**TASK DIRECTIONS:** All lines below must be repeated exactly, with the pictures omitted.

**INFORMATION SHOWN:**

= = = = = = =

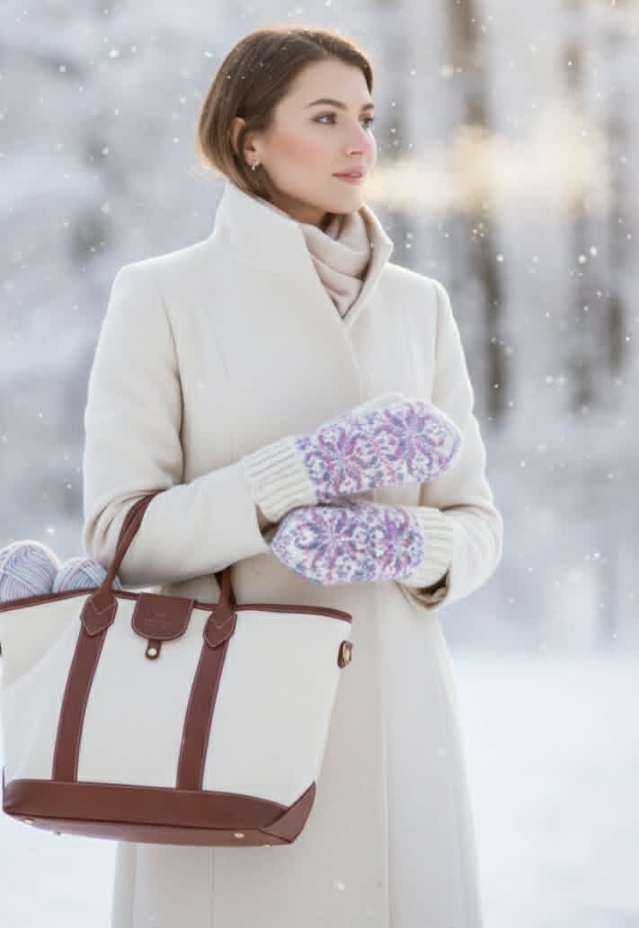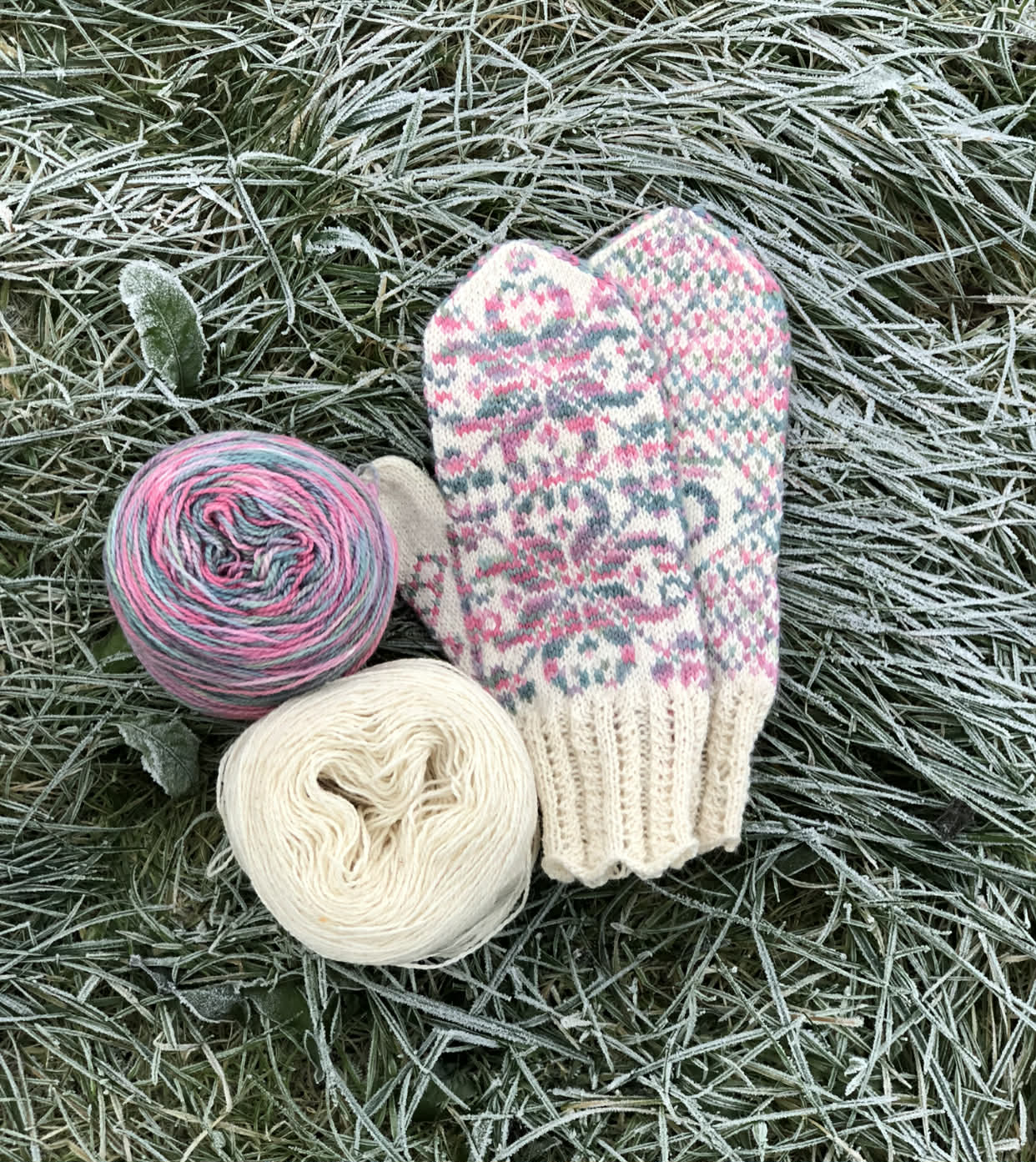 Vottene kan strikkes i Kvitlammets håndfarget Finull fra Rauma + Fjære fra Hillesvåg. Fargene på bildet: Faded Flowers + naturhvit.
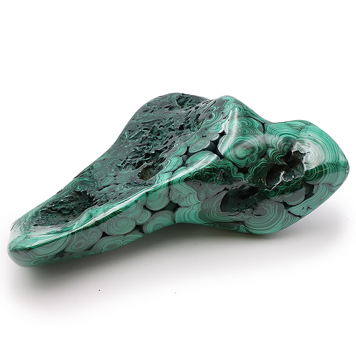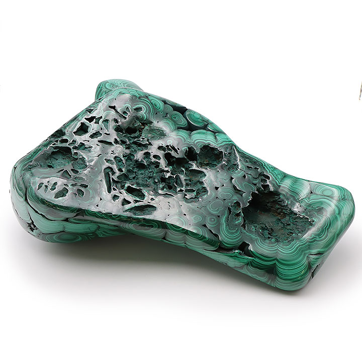 *La malachite presenta sezioni porose o cavità; queste caratteristiche sono normali e parti integranti della pietra.
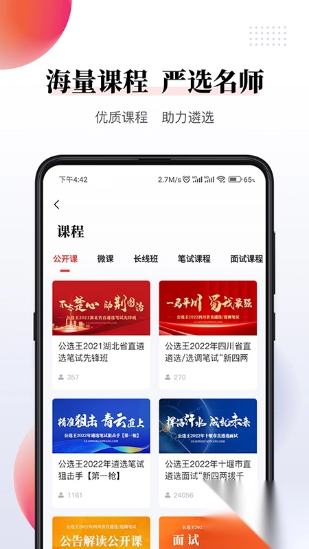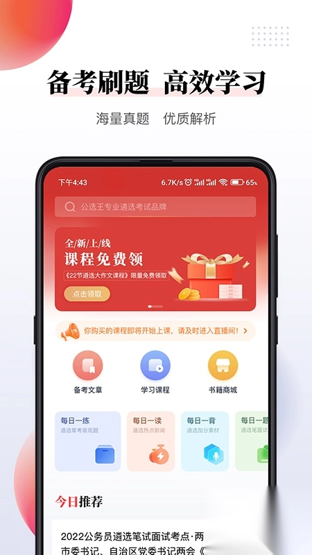 公选王app官方版专为公务员群体打造,是一款优质的线上学习软件。它涵盖历年遴选真题,提供实战模拟遴选考试,还有最新的遴选考试课程供你学习,助你轻松通过遴选考试,顺利晋升职位。有需求的朋友,赶快到本站下载吧!

= = = = = = =

**REPLY:**
 Vottene kan strikkes i Kvitlammets håndfarget Finull fra Rauma + Fjære fra Hillesvåg. Fargene på bildet: Faded Flowers + naturhvit.
 *La malachite presenta sezioni porose o cavità; queste caratteristiche sono normali e parti integranti della pietra.
 公选王app官方版专为公务员群体打造,是一款优质的线上学习软件。它涵盖历年遴选真题,提供实战模拟遴选考试,还有最新的遴选考试课程供你学习,助你轻松通过遴选考试,顺利晋升职位。有需求的朋友,赶快到本站下载吧!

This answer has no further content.